## EXERCISE AIM
When you reach the line that contains "ホヌとモンステラが全体に描かれているコスメポーチ。", begin copying exactly and continue through the last line below. Do not copy pictures.

[Data extracted from a collection]
+++

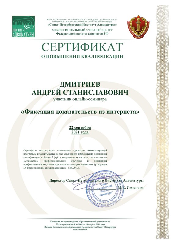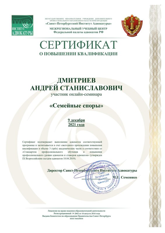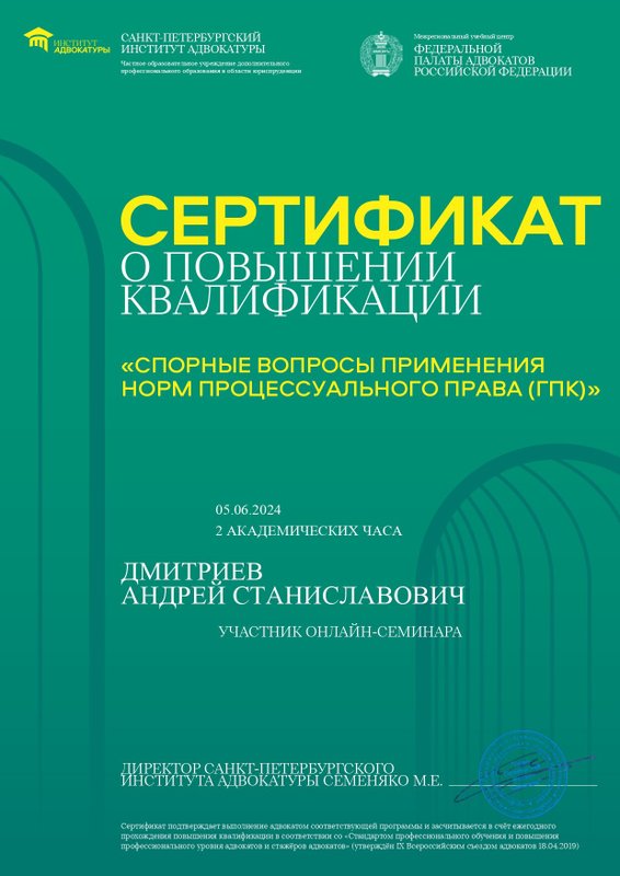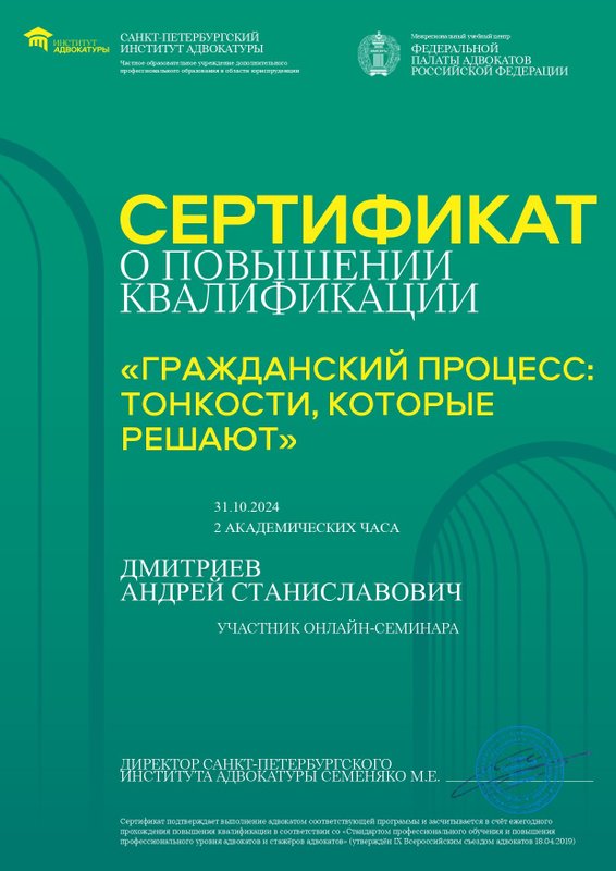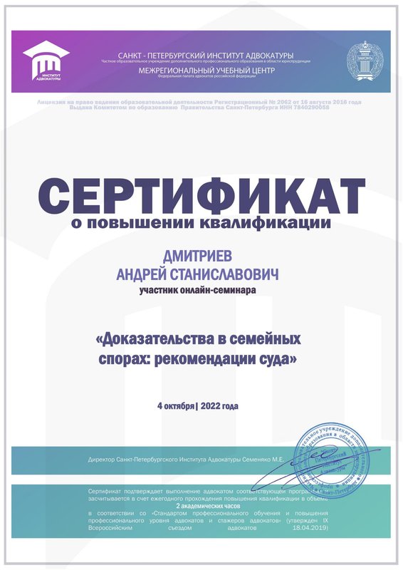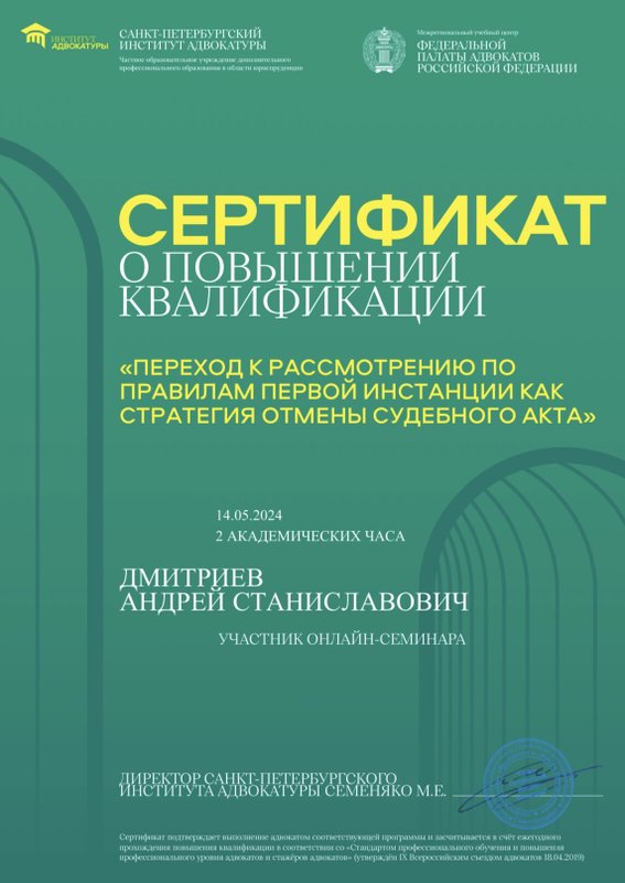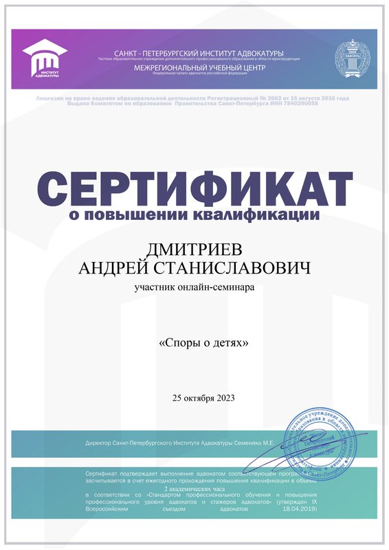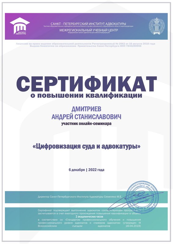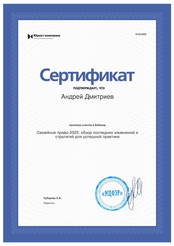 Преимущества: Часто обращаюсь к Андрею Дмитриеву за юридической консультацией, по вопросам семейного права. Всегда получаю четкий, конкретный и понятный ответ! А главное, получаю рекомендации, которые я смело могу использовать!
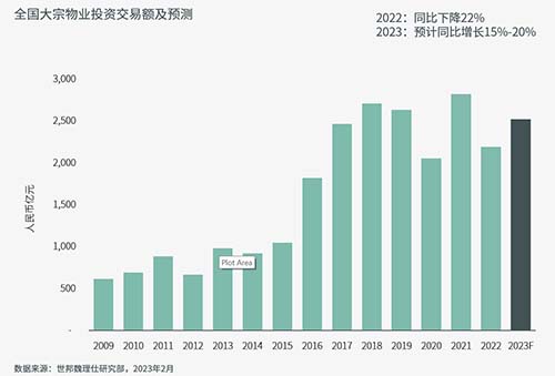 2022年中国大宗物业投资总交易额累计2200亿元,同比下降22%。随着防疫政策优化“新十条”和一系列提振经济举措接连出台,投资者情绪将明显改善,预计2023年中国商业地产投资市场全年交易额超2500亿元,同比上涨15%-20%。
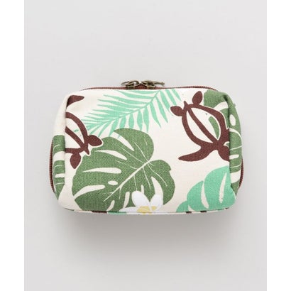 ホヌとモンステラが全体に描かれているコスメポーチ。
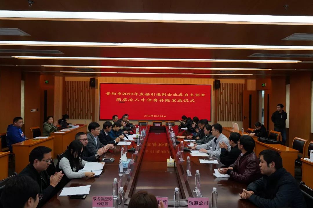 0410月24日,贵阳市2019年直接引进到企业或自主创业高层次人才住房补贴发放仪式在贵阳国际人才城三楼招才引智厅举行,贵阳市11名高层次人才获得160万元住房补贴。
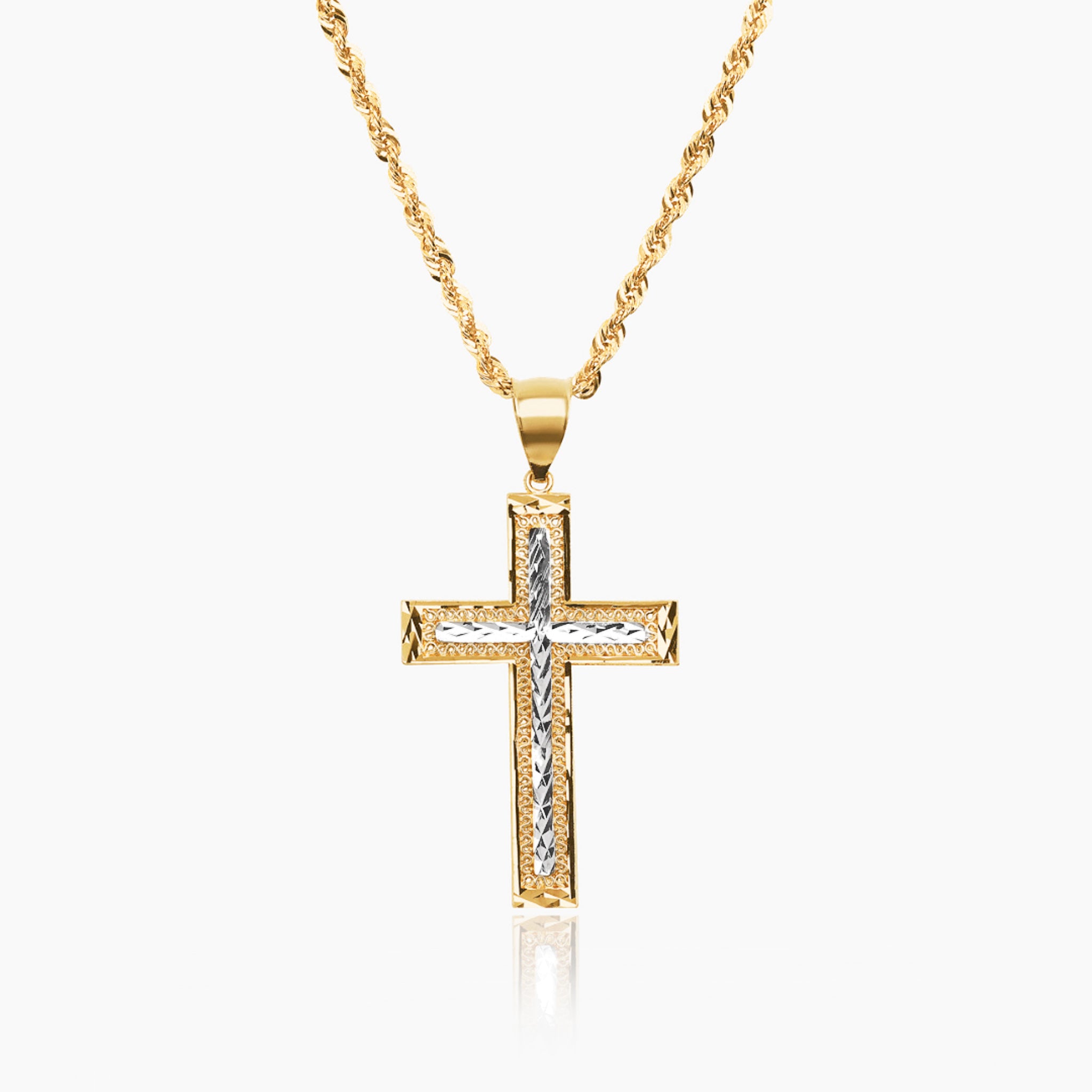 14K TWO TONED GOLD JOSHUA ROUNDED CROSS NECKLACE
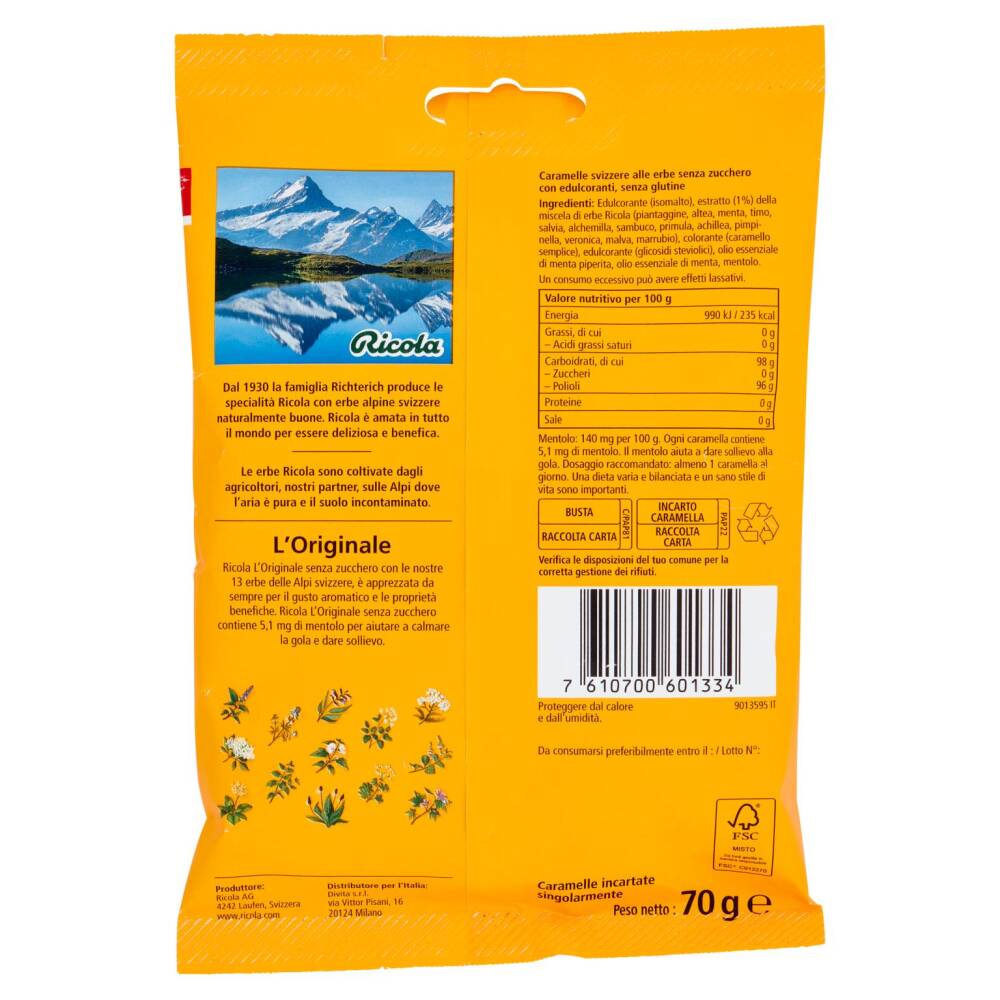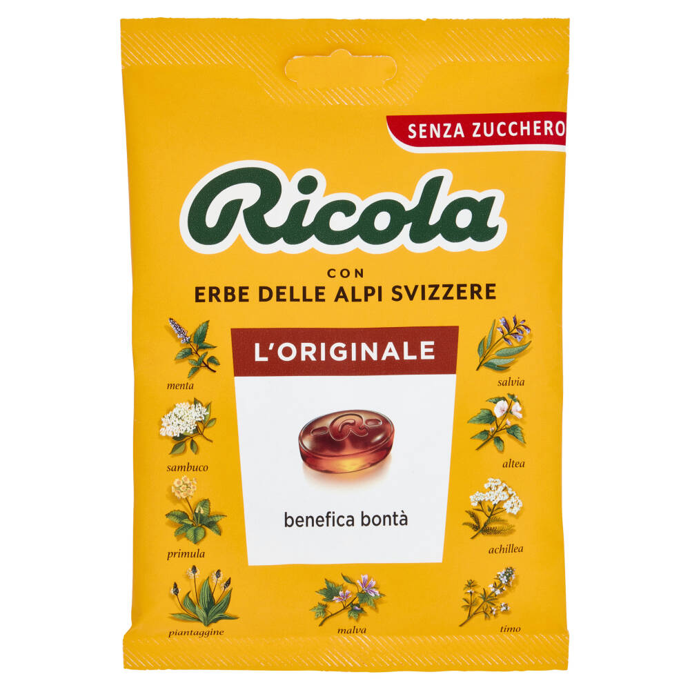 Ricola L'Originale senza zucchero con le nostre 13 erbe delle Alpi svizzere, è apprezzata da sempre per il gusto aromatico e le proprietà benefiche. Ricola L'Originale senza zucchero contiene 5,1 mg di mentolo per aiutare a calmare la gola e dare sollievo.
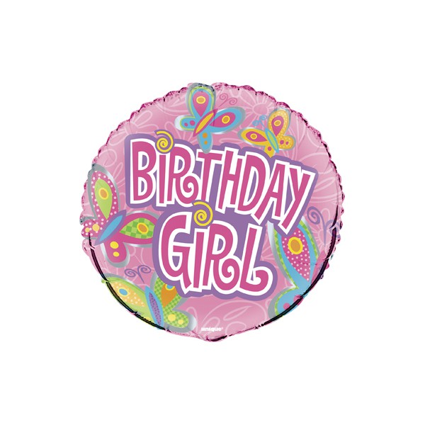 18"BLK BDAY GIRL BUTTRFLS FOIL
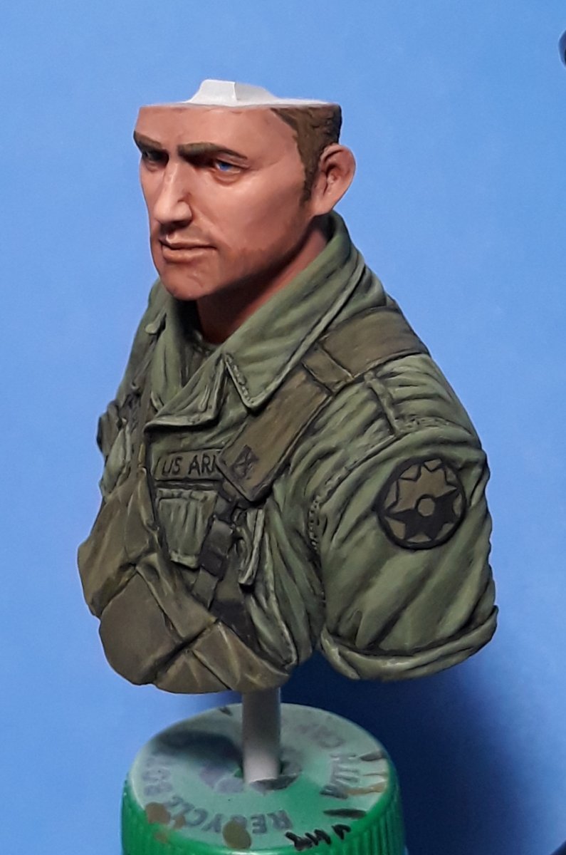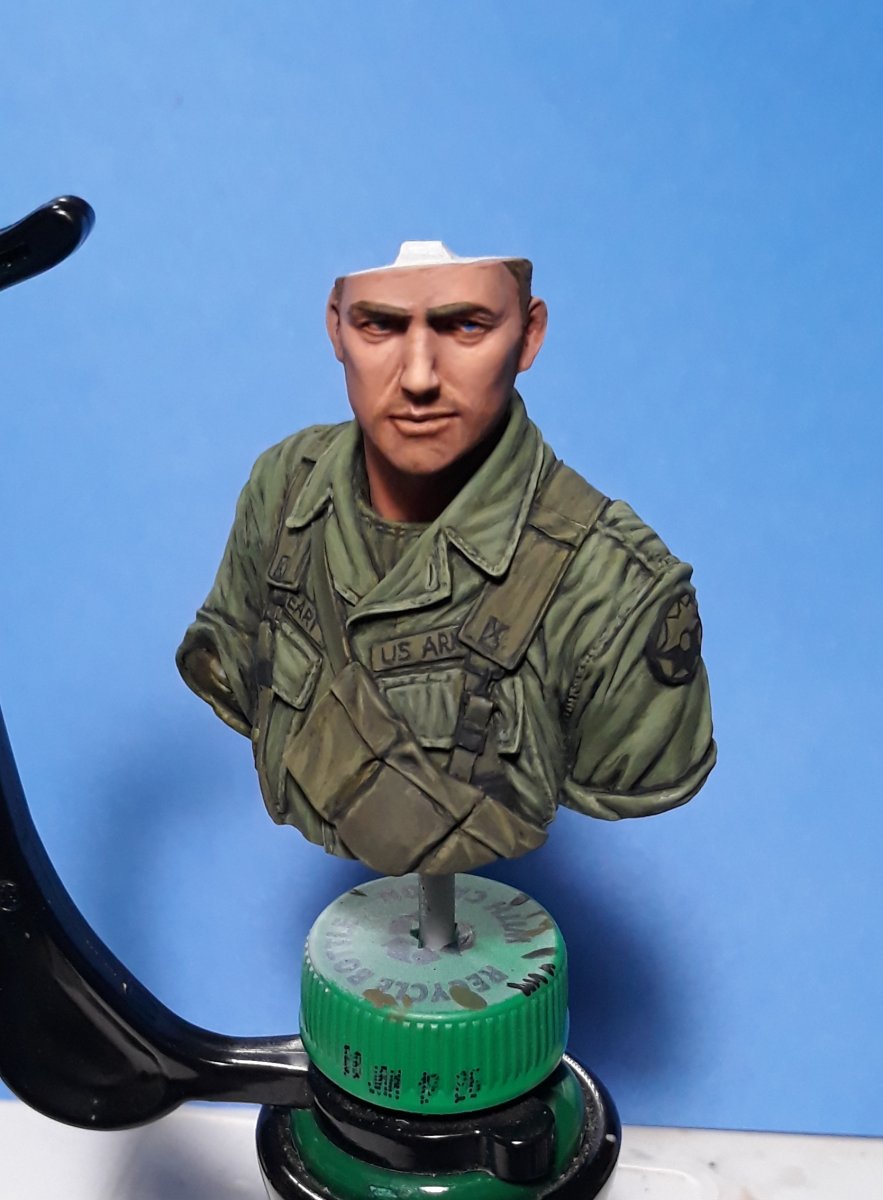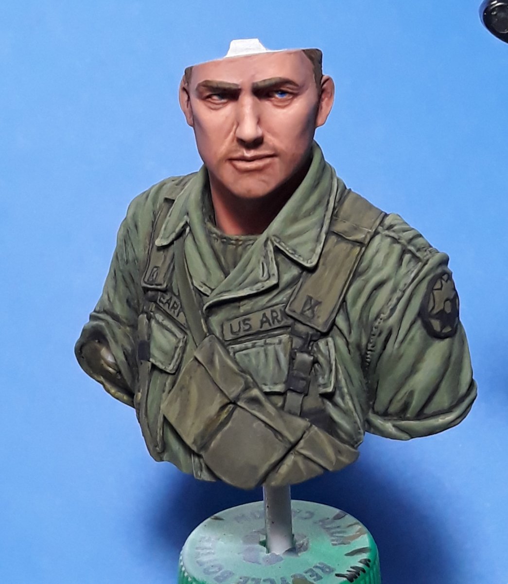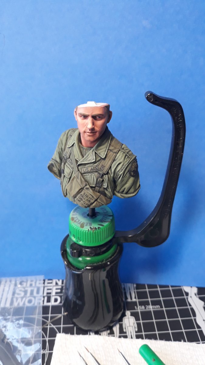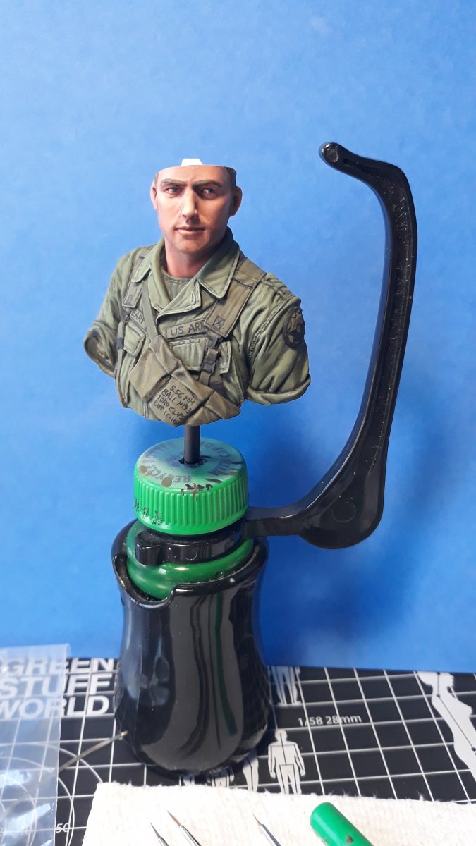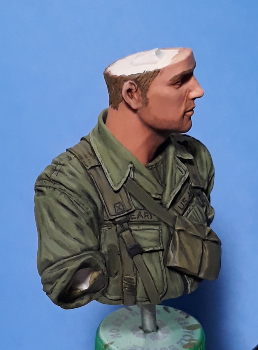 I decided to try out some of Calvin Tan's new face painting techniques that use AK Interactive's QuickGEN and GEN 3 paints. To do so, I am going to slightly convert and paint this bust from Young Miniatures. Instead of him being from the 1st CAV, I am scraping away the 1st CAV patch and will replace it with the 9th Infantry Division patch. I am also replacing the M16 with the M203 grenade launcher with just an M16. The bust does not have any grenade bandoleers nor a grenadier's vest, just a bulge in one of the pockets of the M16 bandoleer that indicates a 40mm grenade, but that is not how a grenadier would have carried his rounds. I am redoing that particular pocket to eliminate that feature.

+++

## ANSWER
 ホヌとモンステラが全体に描かれているコスメポーチ。
 0410月24日,贵阳市2019年直接引进到企业或自主创业高层次人才住房补贴发放仪式在贵阳国际人才城三楼招才引智厅举行,贵阳市11名高层次人才获得160万元住房补贴。
 14K TWO TONED GOLD JOSHUA ROUNDED CROSS NECKLACE
 Ricola L'Originale senza zucchero con le nostre 13 erbe delle Alpi svizzere, è apprezzata da sempre per il gusto aromatico e le proprietà benefiche. Ricola L'Originale senza zucchero contiene 5,1 mg di mentolo per aiutare a calmare la gola e dare sollievo.
 18"BLK BDAY GIRL BUTTRFLS FOIL
 I decided to try out some of Calvin Tan's new face painting techniques that use AK Interactive's QuickGEN and GEN 3 paints. To do so, I am going to slightly convert and paint this bust from Young Miniatures. Instead of him being from the 1st CAV, I am scraping away the 1st CAV patch and will replace it with the 9th Infantry Division patch. I am also replacing the M16 with the M203 grenade launcher with just an M16. The bust does not have any grenade bandoleers nor a grenadier's vest, just a bulge in one of the pockets of the M16 bandoleer that indicates a 40mm grenade, but that is not how a grenadier would have carried his rounds. I am redoing that particular pocket to eliminate that feature.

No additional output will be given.